I don't know how big an area they have to roam in or other things unique to your situation, but I'd think a 5' high fence with nothing for them to perch on would work great. 4' high would probably work.

Good luck!
 
Oh they will destroy EVERYTHING! Before I got my chickens I had visions of them running freely in my backyard eating all the weeds and pests in my veggie patch but NOPE! They dig up all the roots and eat all the leaves, not to mention the trenches they dig! We have wood chips all around our native garden and they throw them all over the place. Cleaning up at the end of the day is a nightmare. Had to build them a large run but we let them out every couple days under strict supervision.
 
The chickens here free range.
I've found it almost impossible to fence chickens out of the vegetable garden. The bantams and the mixed breeds will easily fly twelve feet to reach a limb on a tree to roost so even a six foot fence isn't much of a challenge if they are determined to get in.
There are a number of problems that need to be considered.
If your climate is hot and dry in the summer months you will doubtless be watering the vegetable garden. All that fresh green foliage and cool looking places underneath are major attractions for chickens seeking shelter from the sun. Of course, once in the garden it's just too tempting not to see if a particular plant is as tasty as it looks. Like any intelligent creature, having discovered shade and a food source, the area becomes a regular attraction and here it seems, the vegetable garden is more attractive at particular times of day.
Bath time is when the worst damage gets done. You can just imagine if you had just got into a nice cool bath on a hot day only to find the just below the surface was a selection of your favorite ice creams. I'm sure the chickens here don't mean to make craters but those little bugs and tender shoots just under the damp soil are irresistible.
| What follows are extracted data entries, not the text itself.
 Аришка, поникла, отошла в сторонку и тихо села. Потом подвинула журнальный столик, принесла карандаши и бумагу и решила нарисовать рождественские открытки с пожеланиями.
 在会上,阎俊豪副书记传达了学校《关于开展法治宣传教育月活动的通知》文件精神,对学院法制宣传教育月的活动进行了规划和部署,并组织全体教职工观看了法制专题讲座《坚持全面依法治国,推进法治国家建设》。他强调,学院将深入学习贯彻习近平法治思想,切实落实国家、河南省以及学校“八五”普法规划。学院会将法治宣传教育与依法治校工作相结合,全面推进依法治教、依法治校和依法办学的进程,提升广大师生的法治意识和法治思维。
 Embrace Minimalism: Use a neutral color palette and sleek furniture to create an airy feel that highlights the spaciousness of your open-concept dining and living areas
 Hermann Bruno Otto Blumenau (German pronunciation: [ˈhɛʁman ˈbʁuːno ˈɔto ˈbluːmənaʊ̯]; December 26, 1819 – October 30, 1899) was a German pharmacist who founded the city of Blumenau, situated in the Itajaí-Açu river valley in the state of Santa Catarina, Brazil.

The keen gardener naturally looks at what was their lovely vegetable garden before the chickens visited and thinks the damage is just wanton destruction on the part of the chicken. Having taken the odd chicken to one side and discussed the issue in the past, I found it hard to defend my position when told that I dig holes in it too, not to mention being overheard waxing lyrical about the wonderful organic chicken poop that gets deposited on the soil. The final defeat of my protest was 'well you eat the stuff as well'.
It's a bit like the BYC veiw that chickens make wonderful pets; they make wonderful gardeners too, they've just got a different idea of what's attractive, when to pick and no understanding of anything belonging to someone else.
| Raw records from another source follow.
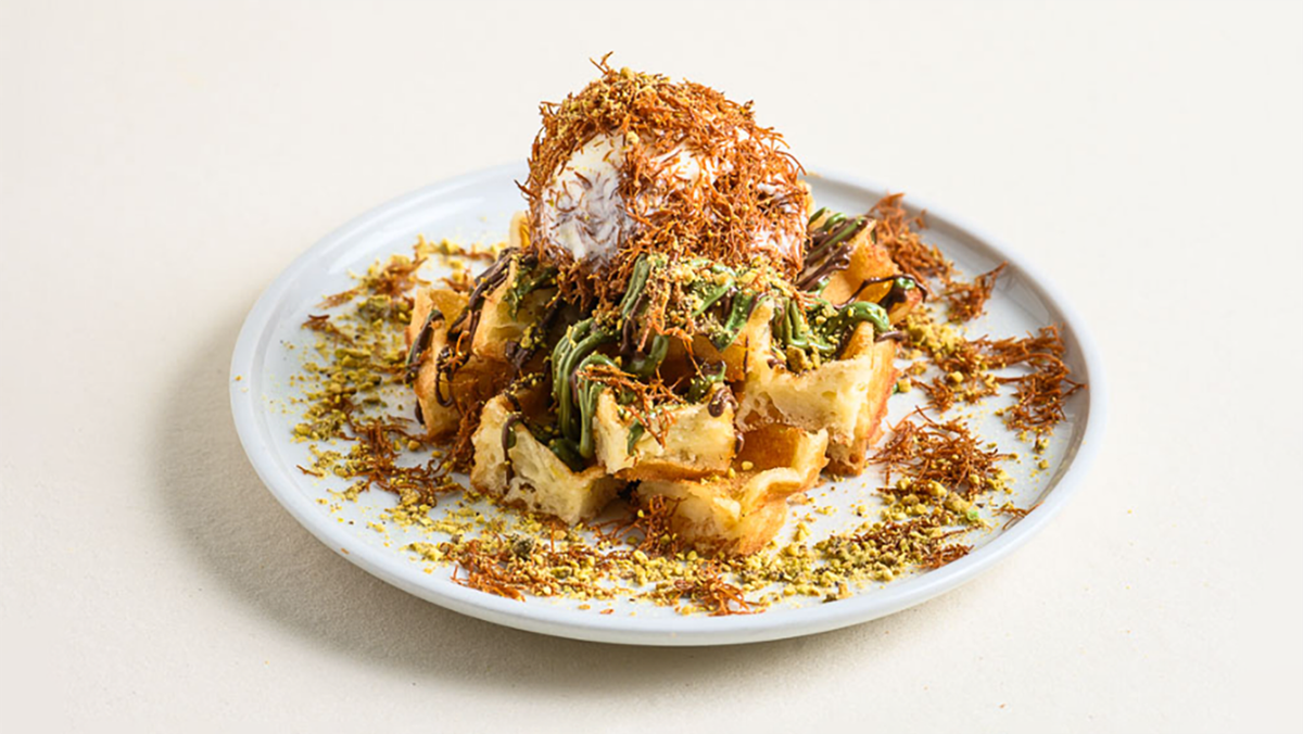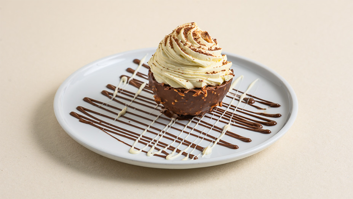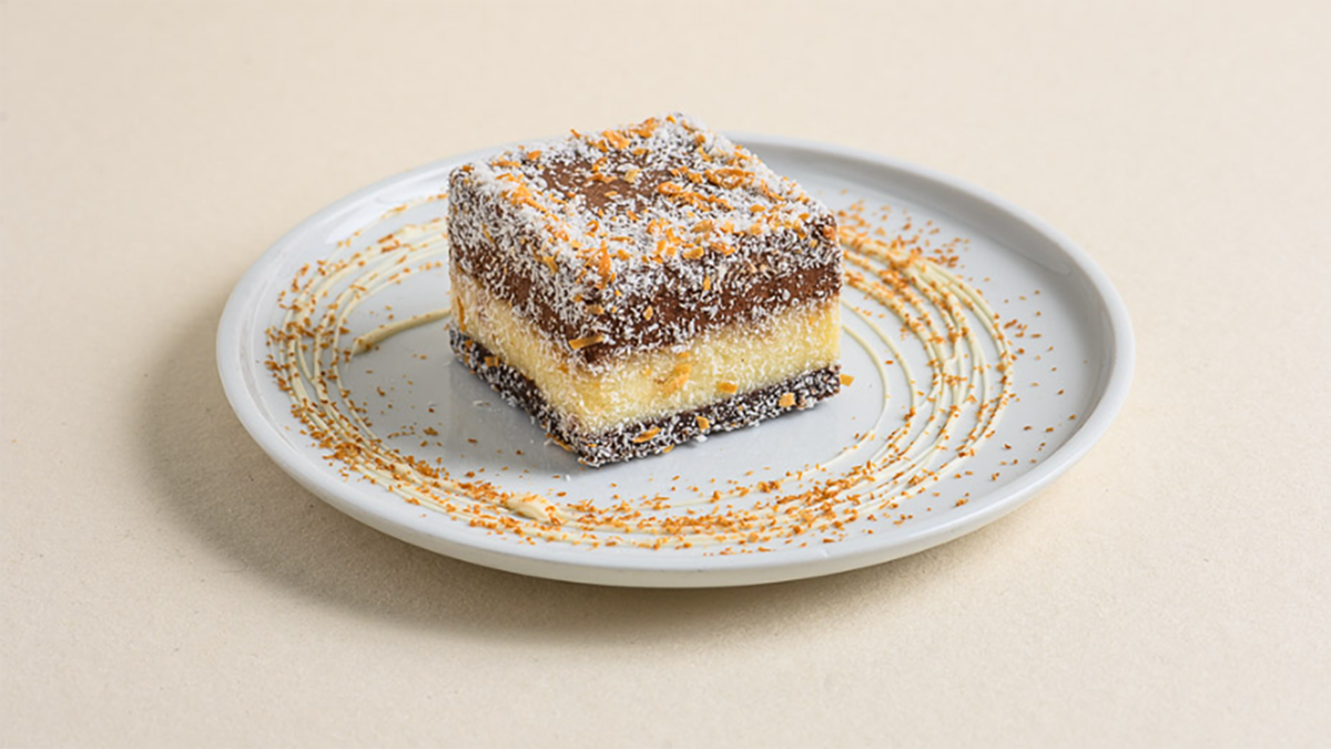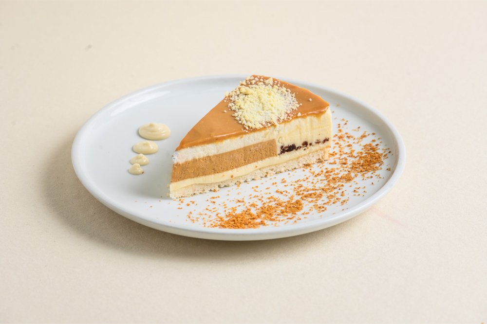 פקאן סיני, שוקולד לבן עם נגיעות וניל, שמנת, קוקוס וריבת חלב.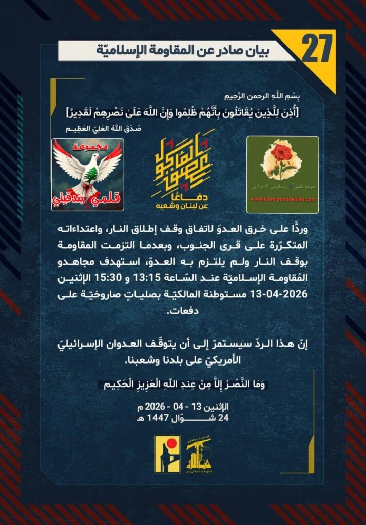 โ๐ ุตุฏุฑ ุจูุงู ุฑูู (27) ููู ูุงูู ุฉ ุงูุฅุณูุงู ูุฉ ุงูุขุชู ูุตู:”ุฏูุงุนูุง ุนู ูุจูุงู ูุดุนุจูุ ูุฑุฏููุง ุนูู ุฎุฑู ุงูุนุฏูู ูุงุชูุงู ููู ุฅุทูุงู ุงููุงุฑุ ูุงุนุชุฏุงุกุงุชู ุงูู ุชูุฑูุฑุฉ ุนูู ูุฑู ุงูุฌููุจุ ูุจุนุฏู ุง ุงูุชุฒู ุช ุงูู ูุงูู ุฉ ุจููู ุงููุงุฑ ููู ููุชุฒู ุจู ุงูุนุฏููุ ุงุณุชูุฏู ู ุฌุงูุฏู ุงูู ููุงูู ุฉ ุงูุฅุณูุงู ููุฉ ุนูุฏ ุงูุณูุงุนุฉ 13:15 ู 15:30 ุงูุฅุซููู 13-04-2026 ู ุณุชูุทูุฉ ุงูู ุงููููุฉ ุจุตููุงุชู ุตุงุฑูุฎููุฉ ุนูู ุฏูุนุงุช. ุฅูู ูุฐุง ุงูุฑุฏู ุณูุณุชู ุฑู ุฅูู ุฃู ูุชูููู ุงูุนุฏูุงู ุงูุฅุณุฑุงุฆูููู ุงูุฃู ุฑูููู ุนูู ุจูุฏูุง ูุดุนุจูุง.”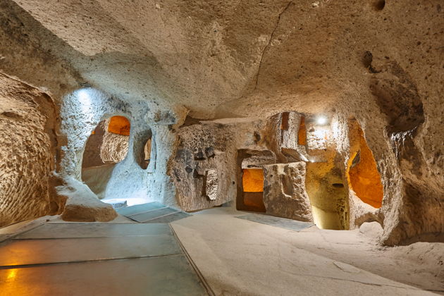Но главный аттракцион - внизу. Подземный город, целый лабиринт жизни, вырубленный в толще туфа. Узкие коридоры, скрытые хранилища, вентиляционные шахты - вы физически ощутите, как здесь укрывались целые поселения. После такого дня размещение в отеле с ужином «шведский стол» будет как нельзя кстати.

You can put up a very high fence and make the enclosure look like a prison. The chickens will sulk and you'll hate how it looks.
A partial answer is to plant what chickens don't eat. Anything they do like you stake and net the individual plants.
I can grow potatoes, onions, garlic, certain types of beans, courgettes, peppers, carrots, artichokes just to mention a few and mostly they survive well and produce.
Tomatoes, lettuce, soft fruits, melons (if they split) and a number of herbs are just too much of a temptation and need protection.
 
You can google "chickens in the garden" to see people that have built wire tunnels to put between the rows. Keeps the walkways clean and fertilizes the garden a little, but you have to move the tunnels every once in a while. But beware on Youtube, there are all kinds of crazy ideas that I thought were pretty dumb.
 
Our chickens have several acres to free range. And for most of the gardening season (in years past), they left the garden alone, so we thought we were home free. But the day before the tomatoes were ripe enough for US to pick, those clever girls decided they were PERFECT for a chicken-peckin' party! And over the 4-foot fence they went! Sigh. So what we have now is a nice big chicken yard with lilies in it, which (knock on wood!) they don't bother, and a teeny, tiny fenced-in area with two tomato plants in buckets - and fingers crossed, lol!